В 1975—1978 гг. создавались различные курдские группировки со всем спектром политических воззрений: маоистская группа «КАВА» и проалбанская «КАВА-РЕД», «Национальные освободители Курдистана», Социалистическая партия Турецкого Курдистана, «Ала Рызгари» («Знамя освобождения»); сама же ДПТК с принятием в 1977 г. новой программы стала Партией рабочих Курдистана. Многие из них пользовались поддержкой крестьянства и немногочисленной буржуазии. Всего к началу 1980-х гг. на внутриполитической арене Турции действовало порядка 10 нелегальных курдских группировок. Говоря о турецко-курдском конфликте и о становлении курдского движения, нельзя не рассмотреть идеологию и деятельность Рабочей партии Курдистана (РПК) во главе с ее лидером Абдуллой Оджаланом.

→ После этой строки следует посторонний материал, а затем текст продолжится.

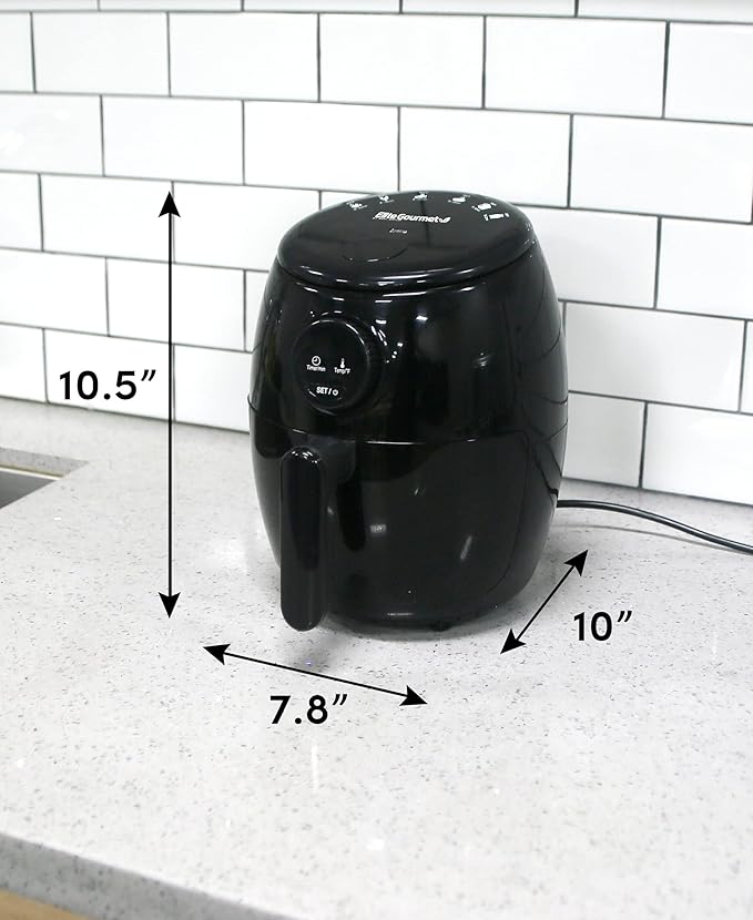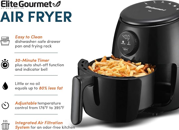 Elite Gourmet EAF-2612DX Personal 2.1Qt Compact Space Saving Programmable Hot Air Fryer, Oil-Less Healthy Cooker, Timer & Temperature Controls, 1000W, Black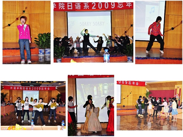 有圣诞老人、有糖果、有彩带、有气球、有礼物,更精彩的是大家精心准备的节目。各年级同学可谓八仙过海各显神通,大一新生个性十足的街舞,活力四射的演唱,向我们展示了日语系90后的精彩。二年级同学为我们带来了一系列的节目,动感活泼的啦啦操表演点燃了会场的热情,沉静灵动的吉他独奏将我们带入了静谧的世界,平实感人的生活剧将大学生活的点滴娓娓道来……大二,果然是大学生活中最丰富的一年。三年级同学自编自导的音乐剧《ever ever after》是本次忘年会的一大亮点。英俊的王子、高贵的公主、活泼的精灵上演了一场险象横生的爱情斗争,配上典雅高贵的宫廷舞蹈、空灵透彻的歌曲,将观众带入了一个浪漫唯美的童话世界。四年级的学长学姐给我们带来了一段动画配音。流利而个性的日语、丰富而出彩的片段,给我们带了一场震撼的视听冲击波,不愧是日语系的元老级人物。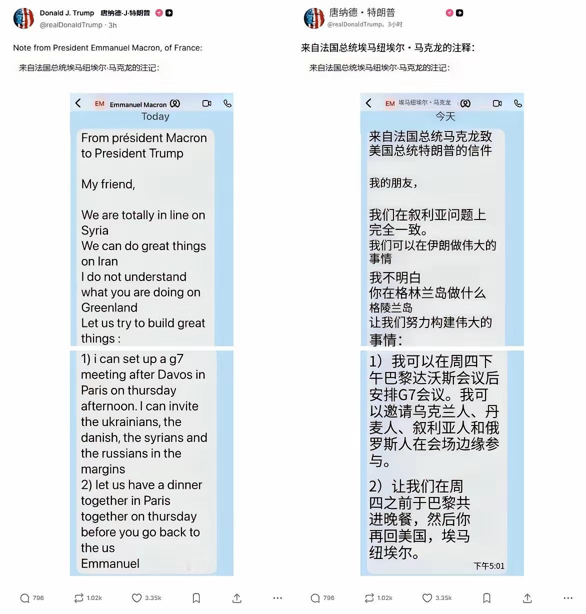 特朗普曝光的马克龙短信,你能解读几层政治信号? 马克龙前脚泄露特朗普要诺贝尔和平奖的内幕,特朗普接着就把法国总统马克龙发的短信在X(原 Twitter)上公开。 俩人就像小孩子吵架揭短没啥意思,倒是马克龙的短信内容颇有意思。 马克龙的短信至少涉及5点信号: 1-叙利亚,法美完全一致共同进退。 ==当下叙利亚朱拉尼正在利用库尔德对付伊朗兵力空虚抢占地盘。 这必然损害了美国利益,特朗普很可能提议与法国一起对叙利亚局势进行干预。 2-伊朗 “可以做伟大的事”……法国赞同美国即将采取的行动。 ==美国一直在向中东集结兵力,英法也在调动兵力,看起来法国愿意配合美国对伊朗进行武装行动。 3-格陵兰 “我不明白你在格陵兰岛做什么” ==法国不同意美国做法。 4-G7会议安排 达沃斯论坛结束后,周四下午在巴黎办G7会议,还邀请乌克兰、丹麦、叙利亚、俄罗斯代表 “在会场边缘参与”(非正式列席)。 ==乌克兰丹麦叙利亚俄罗斯额外出席,这个额外出席涉及俄乌冲突、格陵兰岛、叙利亚局势。 5-私人晚宴招待特朗普 周四在巴黎共进晚餐,之后特朗普再返回美国。 ==似乎想改善与特朗普关系 特朗普曝光短信内容本身说明特朗普并不重视法国意见,这种不尊重的态度必然导致美法关系会有矛盾。 可能会促成欧洲抛开美国成立新的军事同盟。 你还能发现其他政治信息吗? 欧洲对特朗普 法国马克龙 特朗普诺奖

Рабочая партия Курдистана в авангарде общенациональной курдской борьбы

В целом становление идеологии Рабочей партии Курдистана (РПК) отражает глубинную суть самого турецко-курдского конфликта. Стратегический союз курдской национальной идеи с марксизмом был возможен при наличии подходящих социально-экономических условий. Именно поэтому религиозные мотивы, которые упоминались при восстании шейха Саида 1925 г., и традиционные племенные отношения сменились левой идеологией с идеей особой роли трудового класса в избавлении от социальных бед. Этому способствовала диспропорция в экономическом развитии западных и юго-восточных провинций Турции.

Идеологи партии рассматривали курдский национализм в качестве предтечи оформления прогрессивных сил в Курдистане, который должен был трансформироваться во всеобщее рабочее движение в регионе. Данные факторы позволяют турецкому исследователю Х. Явузу отмечать, что «именно социальная неустроенность, невозможность в тот период для молодых курдов найти работу, а также общая политическая нестабильность в стране» оказали воздействие на этот удивительный синтез курдской национальной идеи и марксизма, что привело к «идеологии курдского национализма крайне левого толка» [14].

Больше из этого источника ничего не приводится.